Lemma 10.124.1. Let $A \subset B$ be an extension of domains. Assume
$A$ is a local Noetherian ring of dimension $1$,
$A \to B$ is of finite type, and
the induced extension $L/K$ of fraction fields is finite.
10.124 Applications of Zariski's Main Theorem
Here is an immediate application characterizing the finite maps of $1$-dimensional semi-local rings among the quasi-finite ones as those where equality always holds in the formula of Lemma 10.121.8.
Then $B$ is semi-local. Let $x \in \mathfrak m_ A$, $x \not= 0$. Let $\mathfrak m_ i$, $i = 1, \ldots , n$ be the maximal ideals of $B$. Then
\[ [L : K]\text{ord}_ A(x) \geq \sum \nolimits _ i [\kappa (\mathfrak m_ i) : \kappa (\mathfrak m_ A)] \text{ord}_{B_{\mathfrak m_ i}}(x) \]
where $\text{ord}$ is defined as in Definition 10.121.2. We have equality if and only if $A \to B$ is finite.
Proof. The ring $B$ is semi-local by Lemma 10.113.2. Let $B'$ be the integral closure of $A$ in $B$. By Lemma 10.123.14 we can find a finite $A$-subalgebra $C \subset B'$ such that on setting $\mathfrak n_ i = C \cap \mathfrak m_ i$ we have $C_{\mathfrak n_ i} \cong B_{\mathfrak m_ i}$ and the primes $\mathfrak n_1, \ldots , \mathfrak n_ n$ are pairwise distinct. The ring $C$ is semi-local by Lemma 10.113.2. Let $\mathfrak p_ j$, $j = 1, \ldots , m$ be the other maximal ideals of $C$ (the “missing points”). By Lemma 10.121.8 we have
\[ \text{ord}_ A(x^{[L : K]}) = \sum \nolimits _ i [\kappa (\mathfrak n_ i) : \kappa (\mathfrak m_ A)] \text{ord}_{C_{\mathfrak n_ i}}(x) + \sum \nolimits _ j [\kappa (\mathfrak p_ j) : \kappa (\mathfrak m_ A)] \text{ord}_{C_{\mathfrak p_ j}}(x) \]
hence the inequality follows. In case of equality we conclude that $m = 0$ (no “missing points”). Hence $C \subset B$ is an inclusion of semi-local rings inducing a bijection on maximal ideals and an isomorphism on all localizations at maximal ideals.

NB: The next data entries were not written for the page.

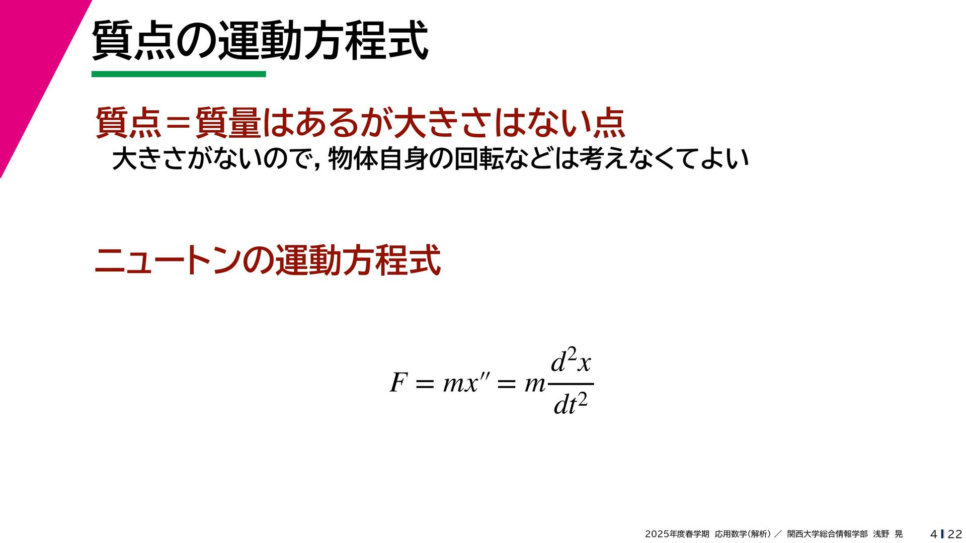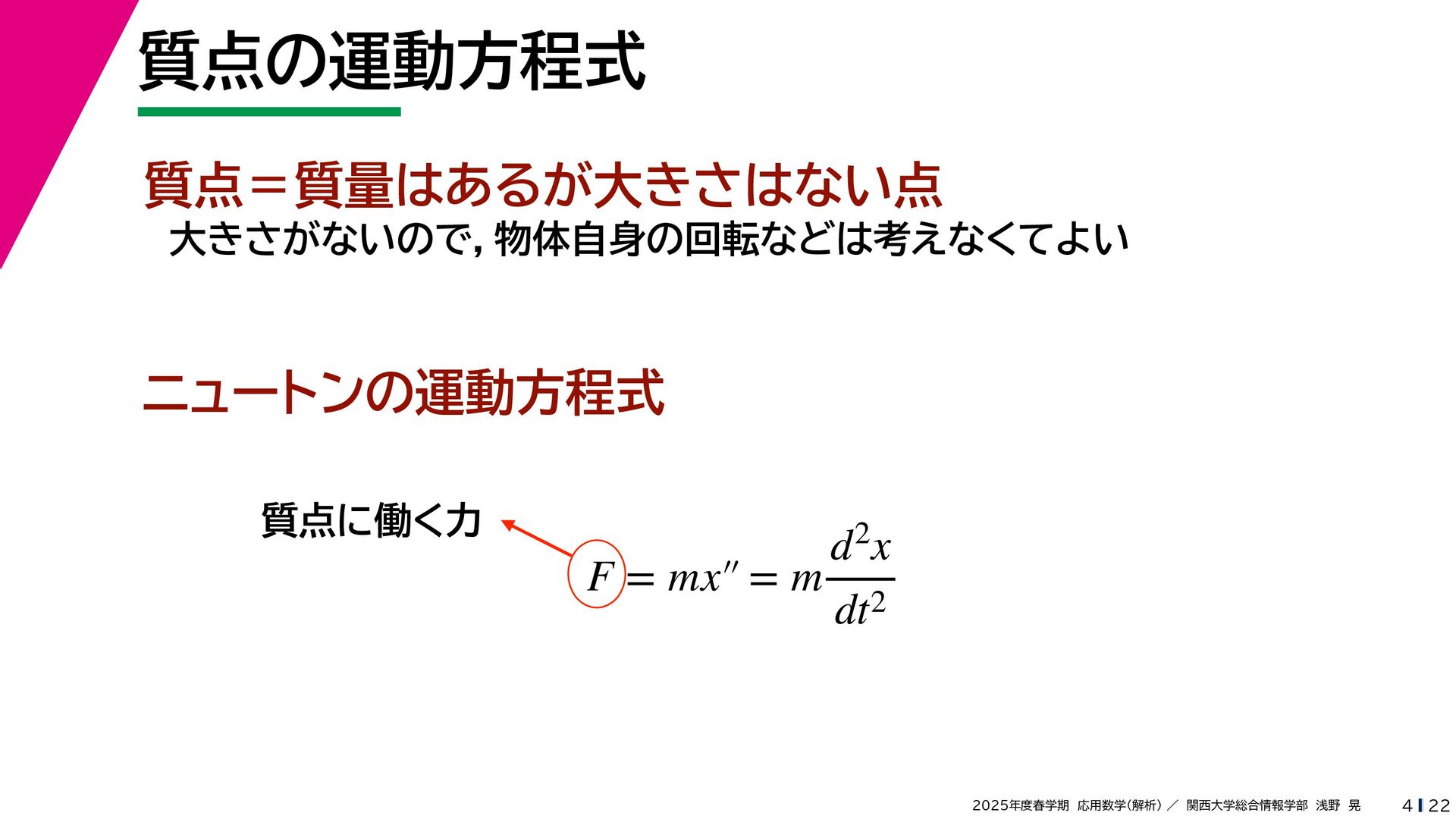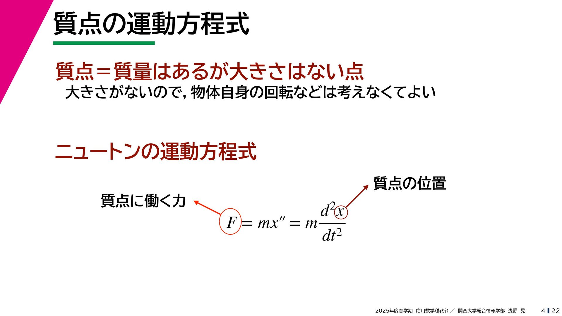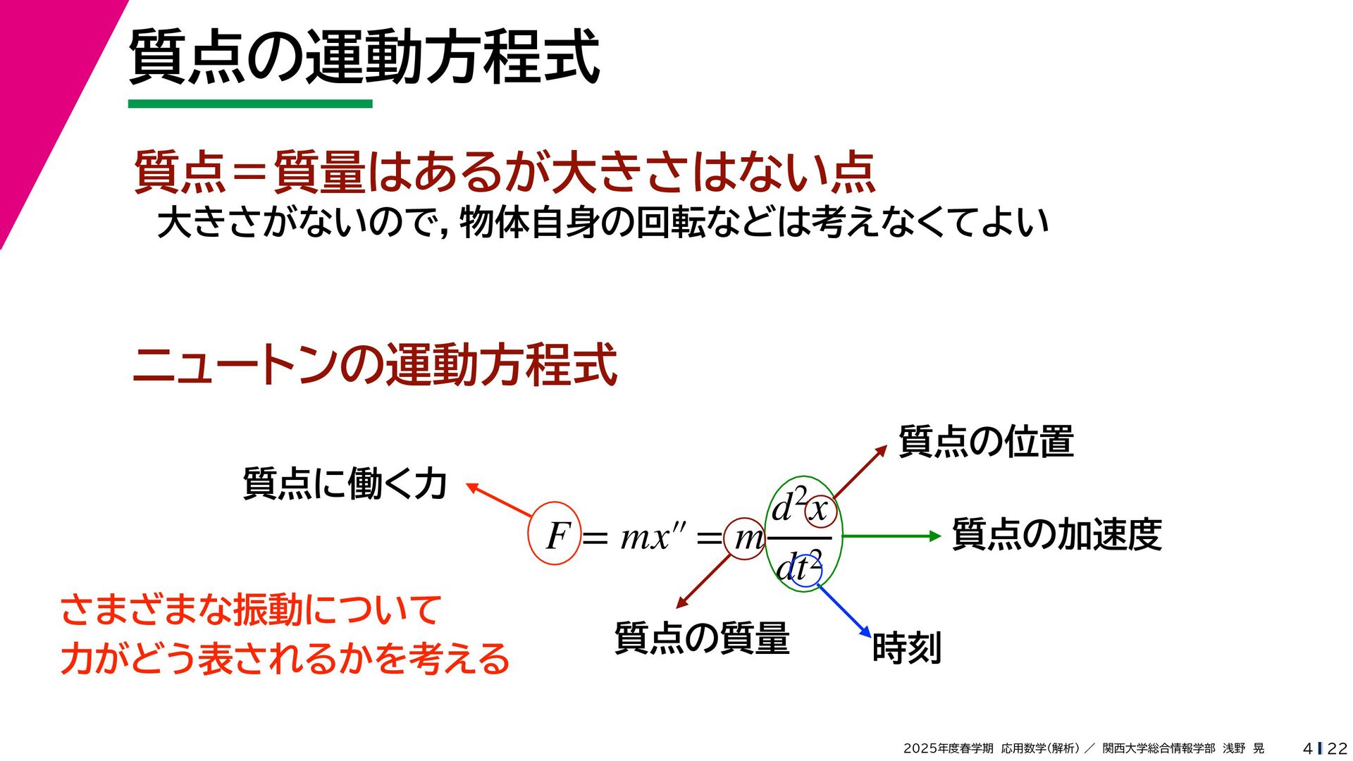 θ で近似できる θ = x / L (ラジアン)なので, 復元力は – (mg / L) x これを k とみれば 単振動 周期 2π ω0 = 2π m k = 2π m L mg = 2π L g L と g だけで決まる (振り子の等時性) −mg sin θ θ 重力 mg おもりの動く 円弧を x 軸とする θ x 軸方向に作用する 復元力 mgsinθ 糸の長さ L おもりの 位置 x 原点 O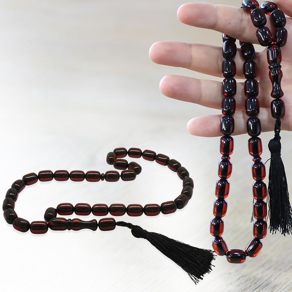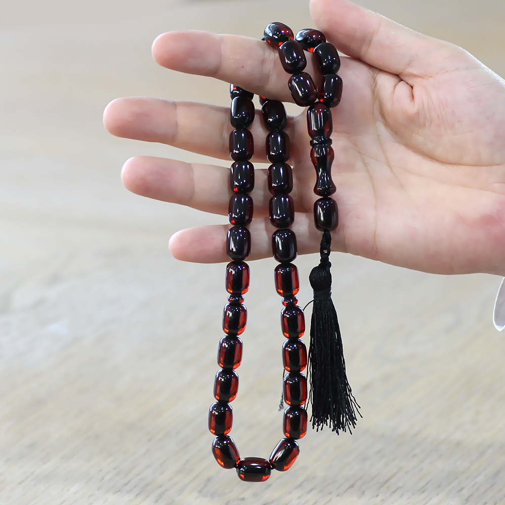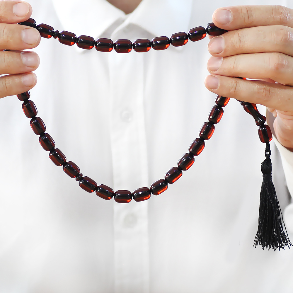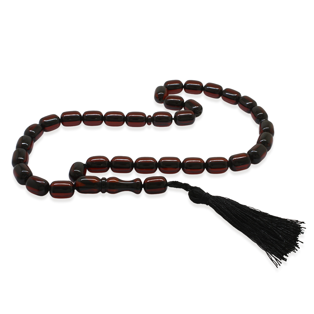 Çubuk Sıkma Kehribar Tesbih - Osmanlı Saray Püsküllü - Kırmızı Renk - Kapsül Kesim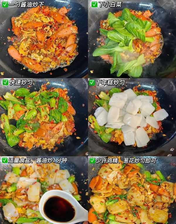 2:來點醬油先調個味,然後再加入小白菜,斷生之後加入年糕,年糕可以提前用清水洗一下,這樣炒起來不容易粘鍋,炒熟之後來點醬油、雞精和蔥花調味,大火翻炒兩下之後準備出鍋!

So if $b \in B$, then $I = \{ x \in C \mid xb \in C\} $ is an ideal of $C$ which is not contained in any of the maximal ideals of $C$, and hence $I = C$, hence $b \in C$. Thus $B = C$ and $B$ is finite over $A$. $\square$
Here is a more standard application of Zariski's main theorem to the structure of local homomorphisms of local rings.

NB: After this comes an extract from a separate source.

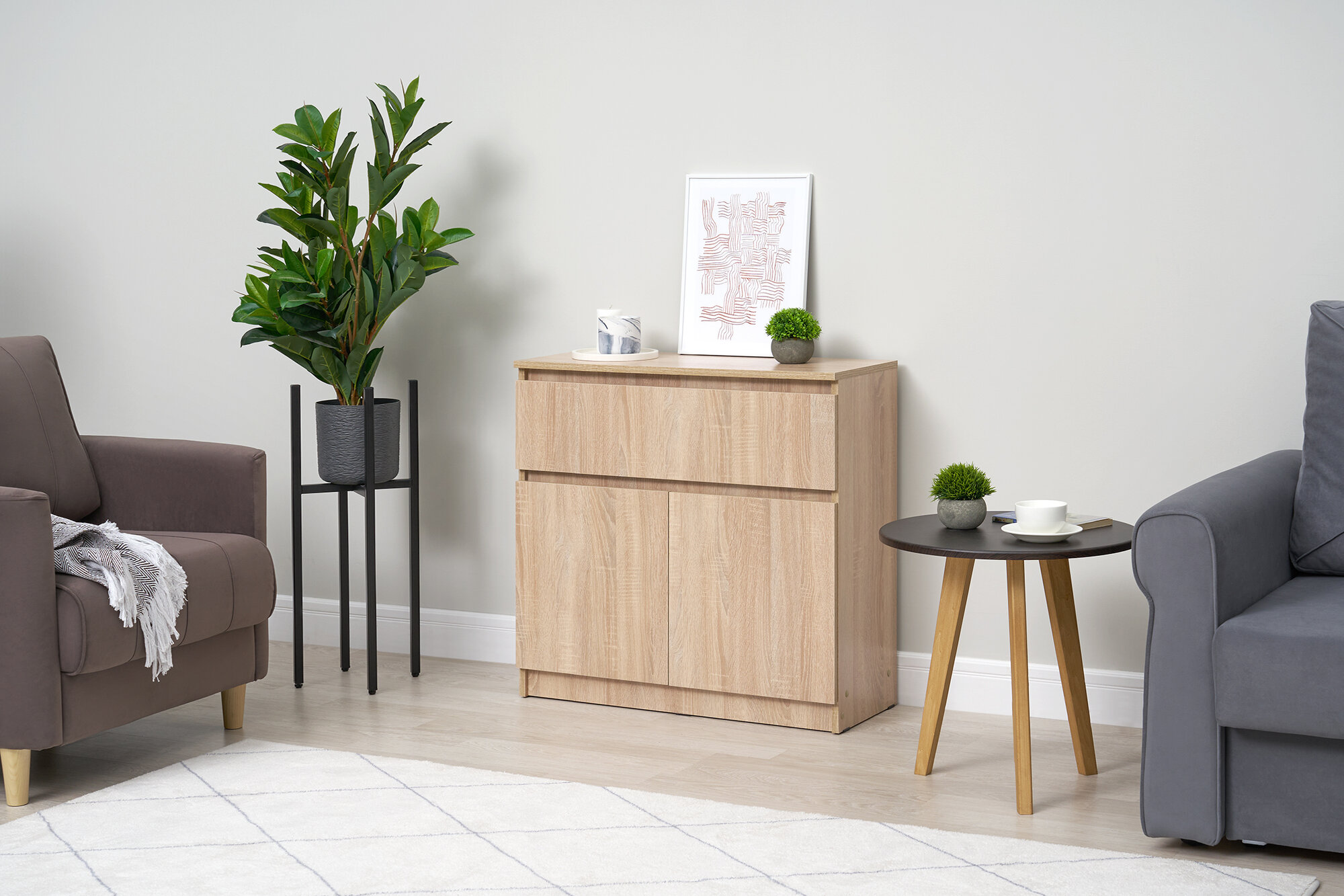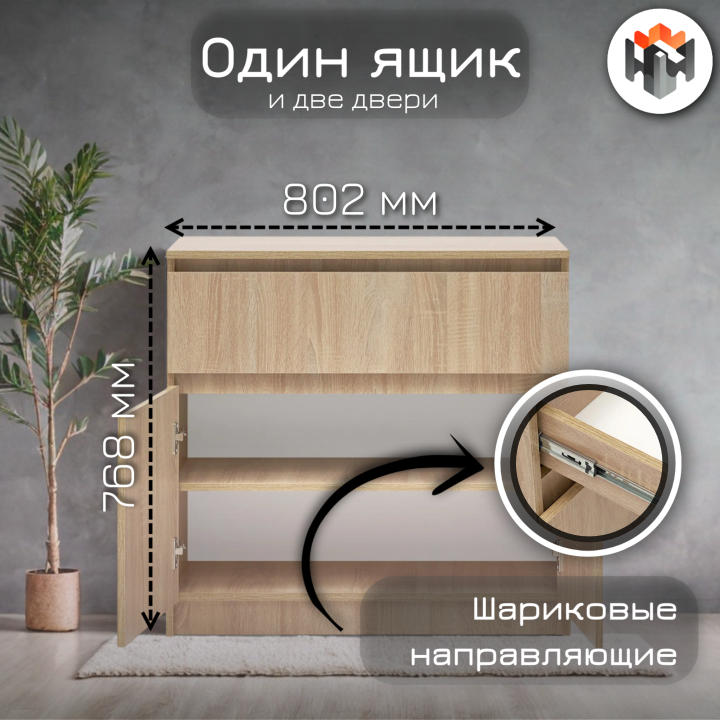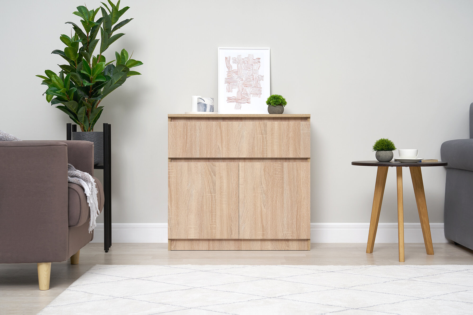 Комод Челси 800 с 2-мя дверками 1 выдвижной ящик, Дуб сонома/80,2х76,8х33 см

Lemma 10.124.2. Let $(R, \mathfrak m_ R) \to (S, \mathfrak m_ S)$ be a local homomorphism of local rings. Assume
$R \to S$ is essentially of finite type,
$\kappa (\mathfrak m_ R) \subset \kappa (\mathfrak m_ S)$ is finite, and
$\dim (S/\mathfrak m_ RS) = 0$.
Then $S$ is the localization of a finite $R$-algebra.

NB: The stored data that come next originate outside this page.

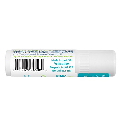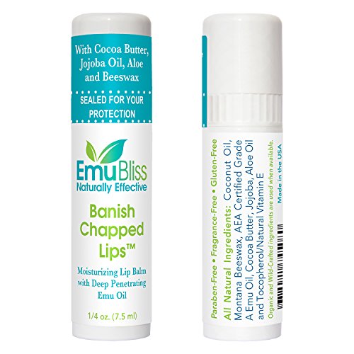 -. Binding : Health and Beauty -. Brand : Emu Bliss -. EAN : 0678021745080 -. Feature : NO CHEMICALS: Fragrance Free, Paraben Free, Gluten Free - Banish Chapped Lips it the best lip balm choice for those who don't want to put petroleum products on their lips. SAFE FOR PEOPLE WITH GLUTEN ALLERGIES. / UNFLAVORED, UNSCENTED and UNCOLORED so it's perfect for both men and women. / PREFERRED BY PEOPLE WITH DRY FLAKY LIPS for its long lasting moisture-locking ability. / LARGE ¼ OZ. SIZE TUBE contains 50% MORE PRODUCT than other lip balms. / CHANGE YOUR LIPS from dry and flaky to SOFT AND SMOOTH. -. Label : Emu Bliss -. Manufacturer : Emu Bliss -. ProductGroup : Health and Beauty -. ProductTypeName : HEALTH_PERSONAL_CARE -. Publisher : Emu Bliss -. Studio : Emu Bliss -. Title : ALL NATURAL LIP BALM FOR CHAPPED LIPS Banish Chapped Lips by Emu Bliss With Ultra Moisturizing Emu Oil, Coconut Oil, Beeswax, Cocoa Butter and Other Natural Lip Moisturizers For a Powerhouse Lip Balm. ¼ oz. Size Contains 50% MORE Than Most Lip Balms -. UPC : 678021745080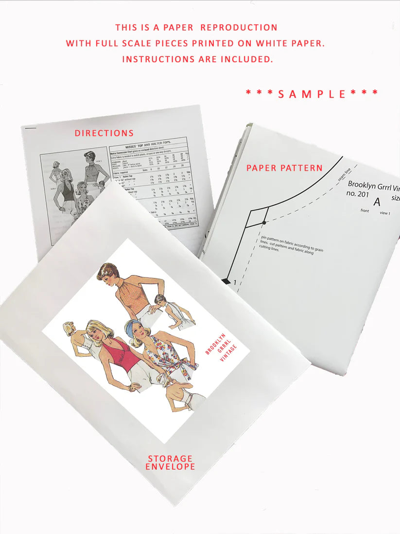 Step back in time with this PAPER reproduction of a classic vintage pattern! Each piece is full-scale and printed on sturdy, crisp 20lb white paper—heavier than delicate tissue, making it easy to trace or pin. Complete instructions are included, so you can bring your retro creation to life with confidence.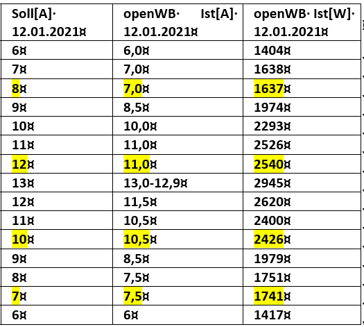 Ich habe dann einen Test gemacht: Im Modus Sofortladen den Ladestrom zuerst immer um 1A erhöht und den resultierende Iststrom notiert und dann den Ladestrom immer um 1 A reduziert bis zum min. von 6A. Das sieht nicht so optimal aus.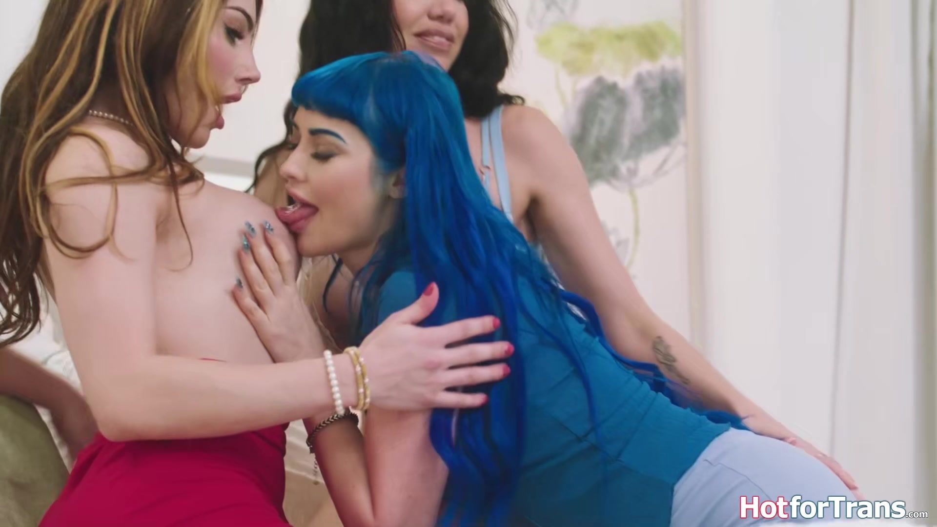 Busty couple Jewelz Blu and Little Puck take the house and want shemale Ariel Demures big trans cock to celebrate.The big tits tgirl is sucked off and facesits to get her ass rimmed by the milf whos pussy licked.The latin tranny anal barebacks them

Proof. Let $S'$ be a finite type $R$-algebra such that $S = S'_{\mathfrak q'}$ for some prime $\mathfrak q'$ of $S'$. By Definition 10.122.3 we see that $R \to S'$ is quasi-finite at $\mathfrak q'$. After replacing $S'$ by $S'_{g'}$ for some $g' \in S'$, $g' \not\in \mathfrak q'$ we may assume that $R \to S'$ is quasi-finite, see Lemma 10.123.13. Then by Lemma 10.123.14 there exists a finite $R$-algebra $S''$ and elements $g' \in S'$, $g' \not\in \mathfrak q'$ and $g'' \in S''$ such that $S'_{g'} \cong S''_{g''}$ as $R$-algebras. This proves the lemma. $\square$
Lemma 10.124.3. Let $R \to S$ be a ring map, $\mathfrak q$ a prime of $S$ lying over $\mathfrak p$ in $R$. If
$R$ is Noetherian,
$R \to S$ is of finite type, and
$R \to S$ is quasi-finite at $\mathfrak q$,
then $R_\mathfrak p^\wedge \otimes _ R S = S_\mathfrak q^\wedge \times B$ for some $R_\mathfrak p^\wedge $-algebra $B$.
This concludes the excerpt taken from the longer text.